Mitchell press conference highlights:

(1) Mitchell made a direct connection between the widespread use of illegal performance enhancing drugs in major league baseball, and the rampant steroid use among high school athletes ("hundreds of thousands" of high school athletes).

(2) He noted that almost none of the active players responded to the invitation to cooperate with the investigation.

(3) Regarding the MLB drug-testing program, adopted in 2003 and which began in 2003 -- many players received advance notice of testing. While the program has improved, it falls short of "current best practices" in drug testing. Some improvements suggested in the report can be unilaterally implemented by the commissioner, and others will require players' union support.

(4) The report will recommend that: (i) MLB form a department of investigation to detect steroid use, (ii) improve educational programs about the danger of use, and (iii) implement a "state of the art" drug testing program (administered exclusively by a completely independent organization, with results transparent to the public, with unannounced year round testing).

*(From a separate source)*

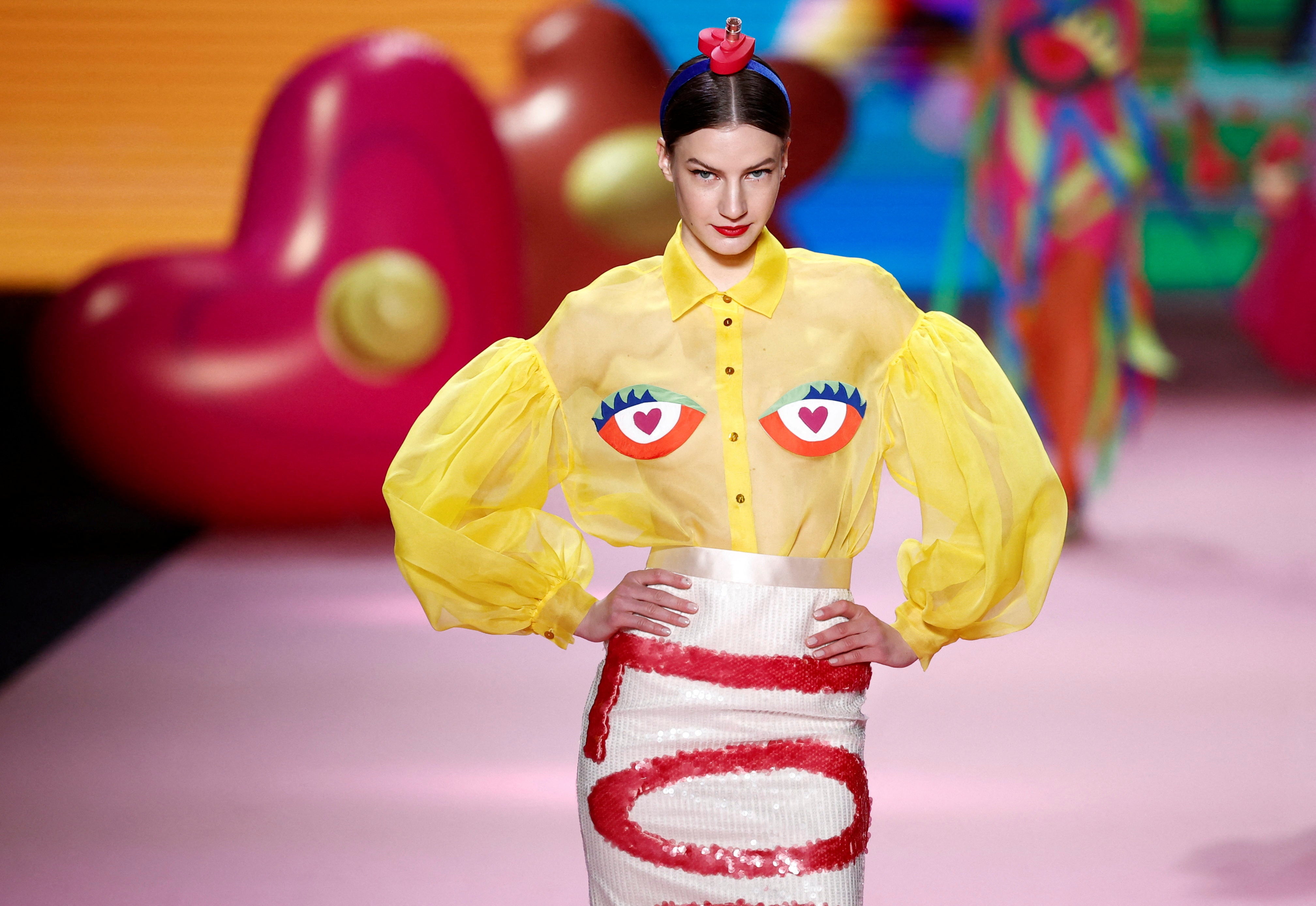 A model displays an outfit by Agatha Ruiz de la Prada during the Mercedes Benz Fashion Week in Madrid, Spain on February 16, 2023. (Photo by Juan Medina/Reuters)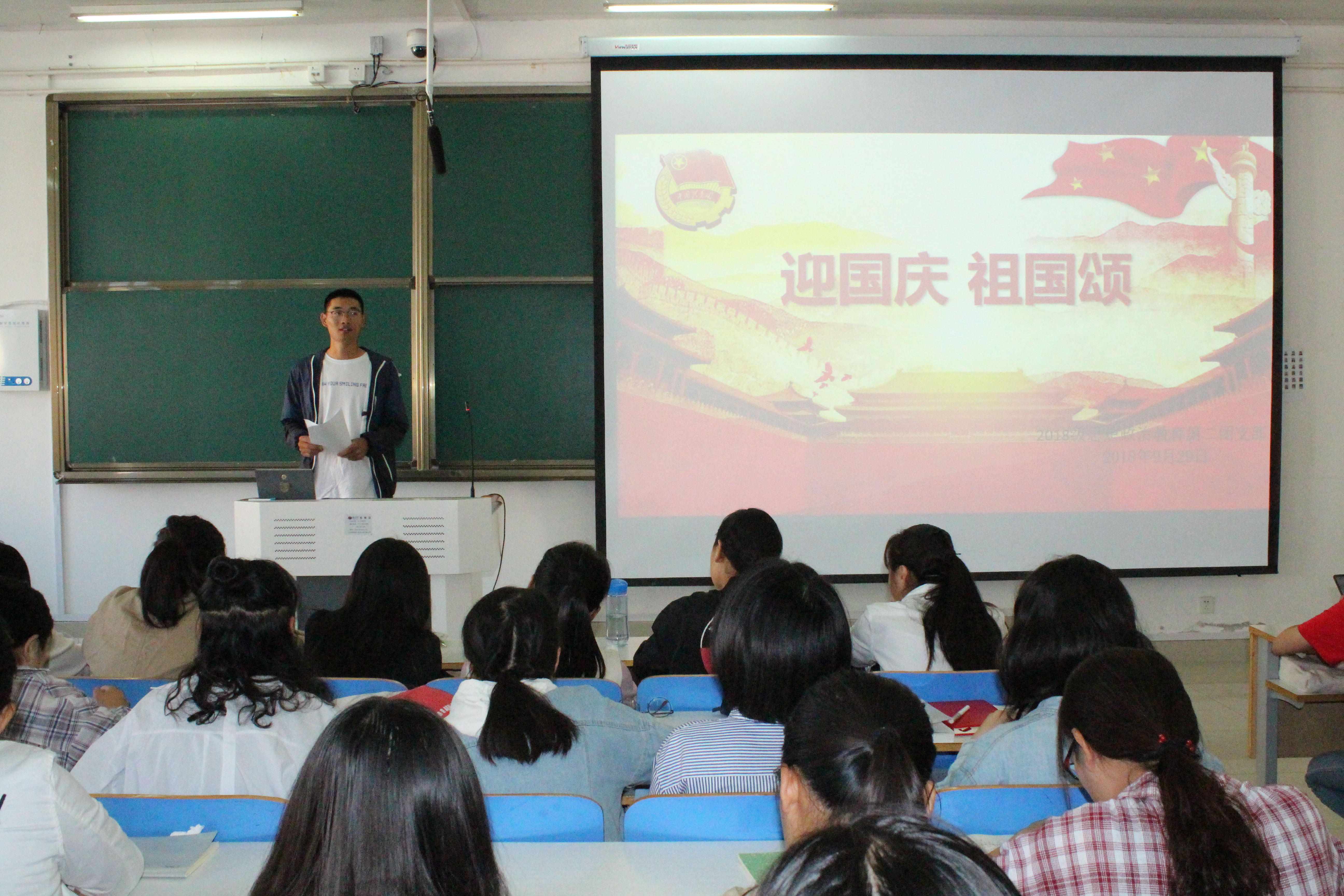 杨康首先作了军训总结,希望同学们能将军训中坚韧不拔的精神贯彻到学习生活中去。他表示,作为新一代青年,我们应义不容辞担负起祖国复兴重任,从自身做起,严于律已。接着,杨康给大家播放开国大典视频。视频将开国大典时的雄伟决心、中国百年的抵抗侵略的岁月以及2017年建军90周年阅兵的壮观展现的淋漓尽致。最后,杨康带领全班同学宣誓,一展我院学子对祖国的无比敬畏与热爱。

(5) An effective drug-testing program was actively delayed by the players' union, although ownership did not force the issue.

(6) Regarding disclosure of names, the goal of the investigation is to bring "this troubling chapter to a close", and prevent the future use of such substances. Goal is not to start numerous disciplinary proceedings, which will not be productive. Many of the incidents discovered occurred long ago -- some 9 years ago, and many before 2005, when there was no penalty for testing positive.

(7) The problem can only be solved with cooperation of everyone in baseball. Commissioner should give most a chance for a "fresh start", except where the integrity of the game is implicated. Giving most a pass now will give the commissioner the basis of imposing strong discipline for future violations.

(8) Players who used illegal performance enhancers put others at a competitive disadvantage, and were wrong, but the commissioner, players' union and owners are all to blame -- a collective failure to act, which gave rise to an environment where such substances were used.

(9) The public's focus should be on the report's recommendations, not the players named.